After restarting the ESP32, it will open a WiFi access point. When you connect to it, you will be prompted to enter your WiFi access data. After successful input, the ESP32 will connect to your home network and you can access its user interface by entering the IP address assigned to your router in your browser.

MQTT settings

The last step is to enter your MQTT credentials to which the DI2MQTT should send the status of the doors and windows. This completes the setup and you can already see the detected states of the digital inputs on the start page.

DI2MQTT Webview

Over-The-Air updates

After the initial flash process, further firmware updates can be uploaded very comfortably over-the-air. The firmware images built in Platformio for over the air upload can be found in the following subfolder of your project:


updating firmware

If the over-the-air update was successful, the message update successful - rebooting appears. With each update, you should increase the SW version variable (to be found in main.cpp under #define SW_VERSION). This is listed as debug info on the main page and also confirms the successful over-the-air update.

Summary & Forecast

In this two-part blogpost (hardware & software) I shared my first fully self-developed smart home project: The DI2MQTT, a smart analyzer of our door and window states that works with numerous smart home systems through the universal MQTT interface.

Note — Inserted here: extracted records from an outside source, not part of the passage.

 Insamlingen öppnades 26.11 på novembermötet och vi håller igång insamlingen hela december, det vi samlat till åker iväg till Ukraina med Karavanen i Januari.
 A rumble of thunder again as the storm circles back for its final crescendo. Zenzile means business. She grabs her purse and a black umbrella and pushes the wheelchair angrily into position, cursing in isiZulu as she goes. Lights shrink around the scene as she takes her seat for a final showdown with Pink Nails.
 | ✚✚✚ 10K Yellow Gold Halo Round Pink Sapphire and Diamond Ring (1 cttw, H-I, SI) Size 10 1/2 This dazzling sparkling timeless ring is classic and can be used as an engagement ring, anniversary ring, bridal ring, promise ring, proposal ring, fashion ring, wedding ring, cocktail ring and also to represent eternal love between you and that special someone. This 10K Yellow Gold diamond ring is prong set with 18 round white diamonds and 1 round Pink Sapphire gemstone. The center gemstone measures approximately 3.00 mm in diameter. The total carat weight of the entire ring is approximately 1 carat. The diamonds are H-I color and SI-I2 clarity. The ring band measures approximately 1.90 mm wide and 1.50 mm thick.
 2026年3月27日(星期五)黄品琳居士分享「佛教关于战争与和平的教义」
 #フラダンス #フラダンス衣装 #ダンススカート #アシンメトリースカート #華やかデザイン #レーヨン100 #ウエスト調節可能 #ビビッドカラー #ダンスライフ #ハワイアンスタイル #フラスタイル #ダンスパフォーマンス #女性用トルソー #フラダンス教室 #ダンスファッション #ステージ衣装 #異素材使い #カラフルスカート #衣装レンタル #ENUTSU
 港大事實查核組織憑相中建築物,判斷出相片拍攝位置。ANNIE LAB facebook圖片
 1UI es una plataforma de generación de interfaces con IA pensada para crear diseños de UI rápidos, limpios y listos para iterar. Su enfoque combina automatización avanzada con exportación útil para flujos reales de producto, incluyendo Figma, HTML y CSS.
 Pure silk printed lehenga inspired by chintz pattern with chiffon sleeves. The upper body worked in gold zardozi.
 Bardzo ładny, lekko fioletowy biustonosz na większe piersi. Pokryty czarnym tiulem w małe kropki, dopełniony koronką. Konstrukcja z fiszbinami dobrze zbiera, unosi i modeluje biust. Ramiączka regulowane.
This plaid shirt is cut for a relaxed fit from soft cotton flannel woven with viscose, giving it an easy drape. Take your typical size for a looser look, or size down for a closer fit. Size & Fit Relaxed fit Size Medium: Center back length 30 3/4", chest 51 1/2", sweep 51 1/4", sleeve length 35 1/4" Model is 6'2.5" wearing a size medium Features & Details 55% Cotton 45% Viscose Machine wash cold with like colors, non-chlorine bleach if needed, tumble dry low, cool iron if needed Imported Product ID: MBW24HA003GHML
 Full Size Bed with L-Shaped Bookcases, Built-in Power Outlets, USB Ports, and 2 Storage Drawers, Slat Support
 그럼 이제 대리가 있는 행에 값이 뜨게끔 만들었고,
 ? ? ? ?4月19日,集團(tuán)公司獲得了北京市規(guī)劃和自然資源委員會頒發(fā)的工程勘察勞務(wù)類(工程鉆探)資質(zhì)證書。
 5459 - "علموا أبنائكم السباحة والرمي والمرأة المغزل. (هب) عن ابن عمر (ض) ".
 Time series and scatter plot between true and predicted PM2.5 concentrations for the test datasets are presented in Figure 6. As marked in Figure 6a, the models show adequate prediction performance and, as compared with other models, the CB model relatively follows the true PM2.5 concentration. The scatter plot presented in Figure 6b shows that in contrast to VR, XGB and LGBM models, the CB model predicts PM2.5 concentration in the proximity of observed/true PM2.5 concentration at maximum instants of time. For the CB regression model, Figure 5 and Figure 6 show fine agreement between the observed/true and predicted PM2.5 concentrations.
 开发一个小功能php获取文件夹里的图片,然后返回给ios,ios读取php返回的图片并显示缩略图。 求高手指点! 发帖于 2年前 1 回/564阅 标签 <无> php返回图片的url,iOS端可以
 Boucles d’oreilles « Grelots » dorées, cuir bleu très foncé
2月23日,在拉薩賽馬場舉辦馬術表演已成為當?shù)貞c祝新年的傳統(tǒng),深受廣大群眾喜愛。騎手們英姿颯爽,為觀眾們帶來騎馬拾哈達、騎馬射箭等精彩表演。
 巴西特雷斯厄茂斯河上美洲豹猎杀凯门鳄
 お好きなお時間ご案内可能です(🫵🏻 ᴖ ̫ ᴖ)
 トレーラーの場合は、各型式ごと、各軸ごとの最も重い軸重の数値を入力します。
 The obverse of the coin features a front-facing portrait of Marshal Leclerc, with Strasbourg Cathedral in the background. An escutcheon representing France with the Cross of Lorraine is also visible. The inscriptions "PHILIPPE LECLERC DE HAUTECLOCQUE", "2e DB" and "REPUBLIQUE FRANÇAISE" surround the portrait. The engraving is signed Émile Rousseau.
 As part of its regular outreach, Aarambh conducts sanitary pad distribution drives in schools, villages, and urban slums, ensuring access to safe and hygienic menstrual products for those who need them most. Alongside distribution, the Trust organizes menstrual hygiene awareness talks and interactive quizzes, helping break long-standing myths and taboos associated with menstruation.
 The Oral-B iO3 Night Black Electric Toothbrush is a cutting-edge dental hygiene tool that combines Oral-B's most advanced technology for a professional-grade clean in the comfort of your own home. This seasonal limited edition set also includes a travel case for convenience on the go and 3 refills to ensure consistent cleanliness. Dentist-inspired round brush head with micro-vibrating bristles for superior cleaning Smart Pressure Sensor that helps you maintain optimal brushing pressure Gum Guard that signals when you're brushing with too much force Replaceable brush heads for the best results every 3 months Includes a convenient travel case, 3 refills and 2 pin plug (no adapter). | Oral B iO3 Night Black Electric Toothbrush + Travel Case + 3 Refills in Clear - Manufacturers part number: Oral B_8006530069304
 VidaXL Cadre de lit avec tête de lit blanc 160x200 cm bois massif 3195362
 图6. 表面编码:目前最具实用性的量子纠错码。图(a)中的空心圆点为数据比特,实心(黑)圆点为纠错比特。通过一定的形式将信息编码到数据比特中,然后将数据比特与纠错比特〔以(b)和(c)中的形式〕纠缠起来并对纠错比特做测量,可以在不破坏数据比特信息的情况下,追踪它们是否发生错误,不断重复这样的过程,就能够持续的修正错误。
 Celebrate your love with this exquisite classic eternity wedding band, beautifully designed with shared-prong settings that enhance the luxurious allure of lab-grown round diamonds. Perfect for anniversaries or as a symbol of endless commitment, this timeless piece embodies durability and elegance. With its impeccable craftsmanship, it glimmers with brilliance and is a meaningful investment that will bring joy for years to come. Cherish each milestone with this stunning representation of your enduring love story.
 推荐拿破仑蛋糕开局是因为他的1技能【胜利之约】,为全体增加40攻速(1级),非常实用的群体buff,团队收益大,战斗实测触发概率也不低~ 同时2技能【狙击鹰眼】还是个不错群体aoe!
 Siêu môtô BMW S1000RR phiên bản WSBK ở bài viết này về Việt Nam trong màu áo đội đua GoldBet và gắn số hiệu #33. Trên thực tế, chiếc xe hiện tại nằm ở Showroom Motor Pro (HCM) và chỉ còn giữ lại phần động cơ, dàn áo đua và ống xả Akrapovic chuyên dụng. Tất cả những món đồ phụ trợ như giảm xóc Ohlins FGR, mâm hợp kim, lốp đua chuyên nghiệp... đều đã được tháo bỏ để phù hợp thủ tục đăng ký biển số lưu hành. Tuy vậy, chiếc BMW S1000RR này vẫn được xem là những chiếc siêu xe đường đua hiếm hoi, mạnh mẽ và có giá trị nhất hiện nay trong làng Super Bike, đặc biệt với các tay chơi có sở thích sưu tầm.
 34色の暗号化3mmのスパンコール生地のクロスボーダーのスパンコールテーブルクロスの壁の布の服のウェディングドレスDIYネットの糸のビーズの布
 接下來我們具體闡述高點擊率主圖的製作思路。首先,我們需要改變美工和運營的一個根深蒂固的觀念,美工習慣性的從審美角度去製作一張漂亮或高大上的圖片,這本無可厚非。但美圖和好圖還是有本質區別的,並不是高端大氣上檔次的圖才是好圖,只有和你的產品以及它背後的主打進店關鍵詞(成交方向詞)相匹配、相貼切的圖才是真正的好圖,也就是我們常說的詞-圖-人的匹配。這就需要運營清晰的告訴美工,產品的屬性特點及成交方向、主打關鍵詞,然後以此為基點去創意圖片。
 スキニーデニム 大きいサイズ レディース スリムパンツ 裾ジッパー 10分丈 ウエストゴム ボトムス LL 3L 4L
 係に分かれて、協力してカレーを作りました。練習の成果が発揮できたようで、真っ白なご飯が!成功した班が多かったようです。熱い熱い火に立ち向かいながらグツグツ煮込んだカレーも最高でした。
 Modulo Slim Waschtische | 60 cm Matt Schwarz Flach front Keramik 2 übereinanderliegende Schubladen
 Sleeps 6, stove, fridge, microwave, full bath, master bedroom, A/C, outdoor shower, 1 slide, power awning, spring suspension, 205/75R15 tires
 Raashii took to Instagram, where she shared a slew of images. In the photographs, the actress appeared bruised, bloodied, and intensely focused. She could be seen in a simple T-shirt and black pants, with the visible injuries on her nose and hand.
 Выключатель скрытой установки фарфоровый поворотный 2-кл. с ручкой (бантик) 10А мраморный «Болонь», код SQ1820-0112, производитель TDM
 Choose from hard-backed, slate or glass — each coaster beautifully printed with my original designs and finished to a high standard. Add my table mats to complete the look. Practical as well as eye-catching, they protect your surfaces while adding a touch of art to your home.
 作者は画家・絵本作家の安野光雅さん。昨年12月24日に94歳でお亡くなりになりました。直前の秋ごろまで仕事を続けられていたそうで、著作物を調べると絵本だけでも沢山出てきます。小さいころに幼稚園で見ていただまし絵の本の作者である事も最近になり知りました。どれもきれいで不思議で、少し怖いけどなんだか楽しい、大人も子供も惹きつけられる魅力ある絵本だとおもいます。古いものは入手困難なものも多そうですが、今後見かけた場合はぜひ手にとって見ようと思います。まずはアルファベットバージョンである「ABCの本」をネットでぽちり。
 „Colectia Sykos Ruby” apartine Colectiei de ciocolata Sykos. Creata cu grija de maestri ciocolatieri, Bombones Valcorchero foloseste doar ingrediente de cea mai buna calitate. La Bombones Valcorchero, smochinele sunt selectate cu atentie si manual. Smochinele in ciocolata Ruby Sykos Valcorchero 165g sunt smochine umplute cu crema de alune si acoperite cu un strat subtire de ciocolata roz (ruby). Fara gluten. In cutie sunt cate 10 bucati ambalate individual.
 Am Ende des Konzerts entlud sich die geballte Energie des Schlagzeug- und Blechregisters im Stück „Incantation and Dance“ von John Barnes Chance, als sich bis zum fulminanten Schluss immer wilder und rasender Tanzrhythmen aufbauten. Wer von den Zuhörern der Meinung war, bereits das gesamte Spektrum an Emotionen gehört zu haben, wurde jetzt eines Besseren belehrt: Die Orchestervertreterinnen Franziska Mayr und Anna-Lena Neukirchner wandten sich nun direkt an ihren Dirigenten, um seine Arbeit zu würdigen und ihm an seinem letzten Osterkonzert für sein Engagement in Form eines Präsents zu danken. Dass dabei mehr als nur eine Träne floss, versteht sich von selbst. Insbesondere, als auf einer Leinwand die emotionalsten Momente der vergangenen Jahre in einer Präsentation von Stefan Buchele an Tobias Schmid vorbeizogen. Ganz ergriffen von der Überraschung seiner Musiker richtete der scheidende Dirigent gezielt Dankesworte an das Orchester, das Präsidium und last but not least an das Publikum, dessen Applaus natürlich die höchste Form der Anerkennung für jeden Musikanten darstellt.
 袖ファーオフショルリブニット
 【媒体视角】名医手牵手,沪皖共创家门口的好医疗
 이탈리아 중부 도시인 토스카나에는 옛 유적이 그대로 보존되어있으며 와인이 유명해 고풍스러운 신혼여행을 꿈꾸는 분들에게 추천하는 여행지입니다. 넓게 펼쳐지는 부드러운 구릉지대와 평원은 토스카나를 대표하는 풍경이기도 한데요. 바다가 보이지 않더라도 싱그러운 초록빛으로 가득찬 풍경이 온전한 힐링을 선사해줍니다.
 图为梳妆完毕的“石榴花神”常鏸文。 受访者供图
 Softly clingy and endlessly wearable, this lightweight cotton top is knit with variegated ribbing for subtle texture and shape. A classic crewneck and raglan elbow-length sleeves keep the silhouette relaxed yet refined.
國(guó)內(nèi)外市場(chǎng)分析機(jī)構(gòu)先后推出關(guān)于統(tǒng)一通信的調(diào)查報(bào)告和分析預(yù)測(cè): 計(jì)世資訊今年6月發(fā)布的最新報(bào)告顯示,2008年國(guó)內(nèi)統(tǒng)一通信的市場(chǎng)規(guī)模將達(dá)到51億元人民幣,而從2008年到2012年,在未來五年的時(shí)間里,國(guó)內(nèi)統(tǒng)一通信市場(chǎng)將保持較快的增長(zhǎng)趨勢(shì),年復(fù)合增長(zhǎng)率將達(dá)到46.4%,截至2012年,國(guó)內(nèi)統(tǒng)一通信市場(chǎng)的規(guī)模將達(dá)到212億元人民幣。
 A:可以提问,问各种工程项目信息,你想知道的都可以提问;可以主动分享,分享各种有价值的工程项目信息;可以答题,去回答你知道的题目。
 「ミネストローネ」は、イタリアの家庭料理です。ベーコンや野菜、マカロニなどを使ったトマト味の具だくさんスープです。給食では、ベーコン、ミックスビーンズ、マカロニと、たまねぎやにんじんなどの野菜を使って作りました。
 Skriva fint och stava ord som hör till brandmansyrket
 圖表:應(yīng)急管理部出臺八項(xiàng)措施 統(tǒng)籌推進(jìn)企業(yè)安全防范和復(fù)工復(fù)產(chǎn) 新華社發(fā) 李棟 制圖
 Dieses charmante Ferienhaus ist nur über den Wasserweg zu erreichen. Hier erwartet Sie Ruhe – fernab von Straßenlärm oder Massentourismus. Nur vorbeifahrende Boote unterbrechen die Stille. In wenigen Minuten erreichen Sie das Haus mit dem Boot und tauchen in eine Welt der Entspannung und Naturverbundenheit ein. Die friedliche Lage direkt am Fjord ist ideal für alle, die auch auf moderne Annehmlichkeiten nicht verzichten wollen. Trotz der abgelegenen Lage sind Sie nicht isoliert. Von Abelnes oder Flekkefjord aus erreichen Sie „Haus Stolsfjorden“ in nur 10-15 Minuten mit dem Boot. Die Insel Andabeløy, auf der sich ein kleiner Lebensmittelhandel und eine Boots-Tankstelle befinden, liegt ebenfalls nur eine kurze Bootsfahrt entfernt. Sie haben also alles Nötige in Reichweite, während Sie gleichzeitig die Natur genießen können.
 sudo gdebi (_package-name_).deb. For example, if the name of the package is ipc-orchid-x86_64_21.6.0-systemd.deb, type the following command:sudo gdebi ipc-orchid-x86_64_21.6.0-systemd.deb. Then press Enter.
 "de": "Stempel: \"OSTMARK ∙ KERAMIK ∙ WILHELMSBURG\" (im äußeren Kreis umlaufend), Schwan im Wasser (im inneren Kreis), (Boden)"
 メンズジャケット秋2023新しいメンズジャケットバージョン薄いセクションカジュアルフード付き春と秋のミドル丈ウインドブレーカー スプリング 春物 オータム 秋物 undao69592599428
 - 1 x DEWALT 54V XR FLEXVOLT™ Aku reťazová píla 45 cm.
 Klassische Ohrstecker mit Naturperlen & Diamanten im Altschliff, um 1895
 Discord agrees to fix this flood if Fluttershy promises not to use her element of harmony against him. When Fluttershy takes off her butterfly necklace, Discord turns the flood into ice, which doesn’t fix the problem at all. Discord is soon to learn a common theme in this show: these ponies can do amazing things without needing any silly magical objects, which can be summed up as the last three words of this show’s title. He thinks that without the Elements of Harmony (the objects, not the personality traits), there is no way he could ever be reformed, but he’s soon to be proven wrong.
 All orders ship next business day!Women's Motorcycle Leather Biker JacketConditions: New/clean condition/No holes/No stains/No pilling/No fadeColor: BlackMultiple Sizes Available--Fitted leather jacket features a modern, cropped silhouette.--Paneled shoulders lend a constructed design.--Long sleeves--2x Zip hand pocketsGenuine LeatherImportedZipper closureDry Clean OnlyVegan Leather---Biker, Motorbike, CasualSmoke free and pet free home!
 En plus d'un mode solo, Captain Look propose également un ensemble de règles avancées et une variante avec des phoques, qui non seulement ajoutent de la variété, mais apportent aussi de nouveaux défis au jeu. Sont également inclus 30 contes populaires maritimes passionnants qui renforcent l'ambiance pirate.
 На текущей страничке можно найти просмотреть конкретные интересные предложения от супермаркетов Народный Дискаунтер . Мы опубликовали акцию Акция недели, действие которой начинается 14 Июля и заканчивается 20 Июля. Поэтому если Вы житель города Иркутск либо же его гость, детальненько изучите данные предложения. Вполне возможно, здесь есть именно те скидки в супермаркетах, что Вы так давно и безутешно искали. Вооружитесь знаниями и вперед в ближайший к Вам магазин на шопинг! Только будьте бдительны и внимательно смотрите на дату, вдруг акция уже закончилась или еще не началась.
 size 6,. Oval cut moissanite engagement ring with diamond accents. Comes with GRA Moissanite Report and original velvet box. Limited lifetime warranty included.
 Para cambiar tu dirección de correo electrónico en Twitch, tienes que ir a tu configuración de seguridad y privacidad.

By building it myself, I not only learned a lot of new things about board layout, microcontrollers and programming, but also saved a lot of money compared to other commercial projects. Since the DI2MQTT is working stable at home for more than one year now, I can recommend you - if you have a similar application - to rebuild it (ideally in a slightly improved version than mine).

Since I am so enthusiastic about the ESP32 microcontroller, I plan to do more projects with it in the future. I would like to make the control of our ventilation and heating a bit smarter and I have the implementation of an ePaper family calendar with ESP32 control in mind.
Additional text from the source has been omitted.